======== DATA PROVIDED

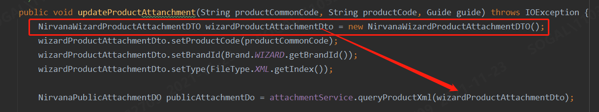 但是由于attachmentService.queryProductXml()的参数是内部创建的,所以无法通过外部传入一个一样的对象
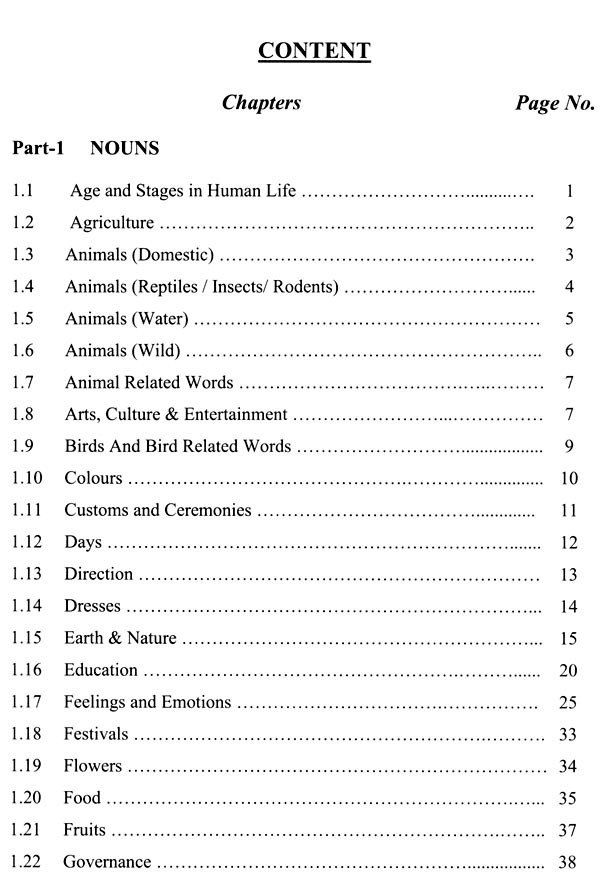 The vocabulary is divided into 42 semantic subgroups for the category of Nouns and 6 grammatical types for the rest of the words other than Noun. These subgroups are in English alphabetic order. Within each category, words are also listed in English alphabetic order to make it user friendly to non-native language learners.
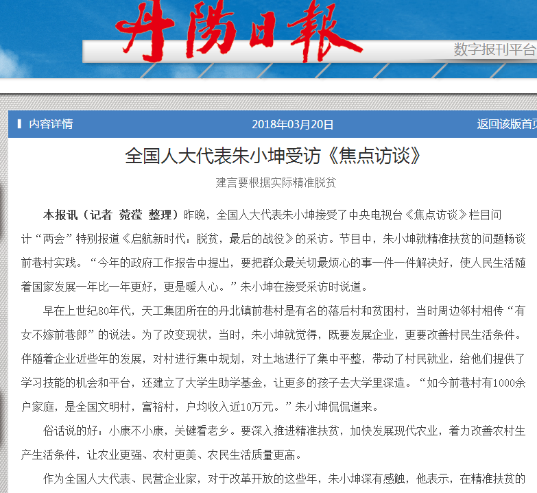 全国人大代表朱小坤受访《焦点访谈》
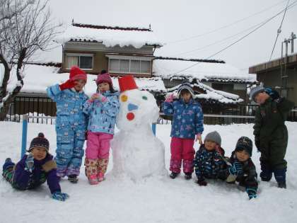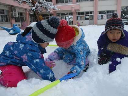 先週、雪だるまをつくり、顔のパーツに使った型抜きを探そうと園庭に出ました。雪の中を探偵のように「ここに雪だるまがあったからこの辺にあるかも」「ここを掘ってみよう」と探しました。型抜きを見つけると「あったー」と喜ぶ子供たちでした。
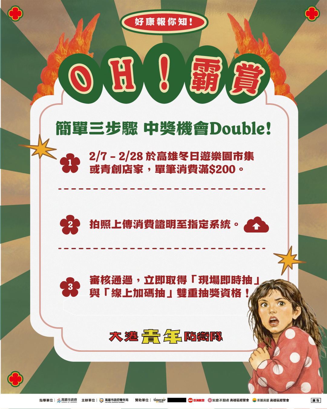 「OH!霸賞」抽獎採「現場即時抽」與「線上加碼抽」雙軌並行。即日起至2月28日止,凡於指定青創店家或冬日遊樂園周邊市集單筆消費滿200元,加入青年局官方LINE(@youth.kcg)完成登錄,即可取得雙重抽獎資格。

================
======== DATA PROVIDED

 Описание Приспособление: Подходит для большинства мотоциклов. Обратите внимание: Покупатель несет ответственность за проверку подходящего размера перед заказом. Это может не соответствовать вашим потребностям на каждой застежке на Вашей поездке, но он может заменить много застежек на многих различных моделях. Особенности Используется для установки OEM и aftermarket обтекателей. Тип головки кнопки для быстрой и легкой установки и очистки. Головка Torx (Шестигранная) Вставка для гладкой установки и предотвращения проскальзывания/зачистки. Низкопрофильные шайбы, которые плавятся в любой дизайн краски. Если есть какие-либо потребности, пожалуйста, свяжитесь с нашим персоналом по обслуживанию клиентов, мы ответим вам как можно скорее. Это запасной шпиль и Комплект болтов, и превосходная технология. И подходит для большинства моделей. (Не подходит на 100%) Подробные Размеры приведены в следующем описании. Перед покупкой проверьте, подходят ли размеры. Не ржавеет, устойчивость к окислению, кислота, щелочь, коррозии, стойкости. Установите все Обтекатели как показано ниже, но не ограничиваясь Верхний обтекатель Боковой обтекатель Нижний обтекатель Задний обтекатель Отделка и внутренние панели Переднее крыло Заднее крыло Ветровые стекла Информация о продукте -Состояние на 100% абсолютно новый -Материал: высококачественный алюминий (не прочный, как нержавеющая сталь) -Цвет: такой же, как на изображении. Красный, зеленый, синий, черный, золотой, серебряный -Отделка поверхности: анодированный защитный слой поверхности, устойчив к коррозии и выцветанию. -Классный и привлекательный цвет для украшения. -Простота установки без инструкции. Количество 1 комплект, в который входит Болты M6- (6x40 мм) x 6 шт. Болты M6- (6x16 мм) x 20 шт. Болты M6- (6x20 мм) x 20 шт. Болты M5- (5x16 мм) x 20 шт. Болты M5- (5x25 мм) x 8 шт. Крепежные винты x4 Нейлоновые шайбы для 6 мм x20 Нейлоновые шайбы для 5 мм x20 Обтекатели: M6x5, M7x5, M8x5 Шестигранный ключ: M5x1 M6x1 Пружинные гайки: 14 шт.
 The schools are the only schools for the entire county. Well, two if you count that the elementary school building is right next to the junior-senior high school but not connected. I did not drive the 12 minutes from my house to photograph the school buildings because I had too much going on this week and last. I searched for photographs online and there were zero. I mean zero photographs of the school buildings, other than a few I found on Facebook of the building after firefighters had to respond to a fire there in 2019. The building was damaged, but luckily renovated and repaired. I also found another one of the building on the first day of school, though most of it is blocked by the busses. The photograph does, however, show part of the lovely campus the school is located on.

================

#### REQUIRED ACTION:
Transcribe, from the material above, the stretch starting at the line with "但是由于attachment" and ending at the line with "The vocabulary is", both included, exactly. Do not carry over pictures.

#### RESPONSE AREA:
 但是由于attachmentService.queryProductXml()的参数是内部创建的,所以无法通过外部传入一个一样的对象
 The vocabulary is divided into 42 semantic subgroups for the category of Nouns and 6 grammatical types for the rest of the words other than Noun. These subgroups are in English alphabetic order. Within each category, words are also listed in English alphabetic order to make it user friendly to non-native language learners.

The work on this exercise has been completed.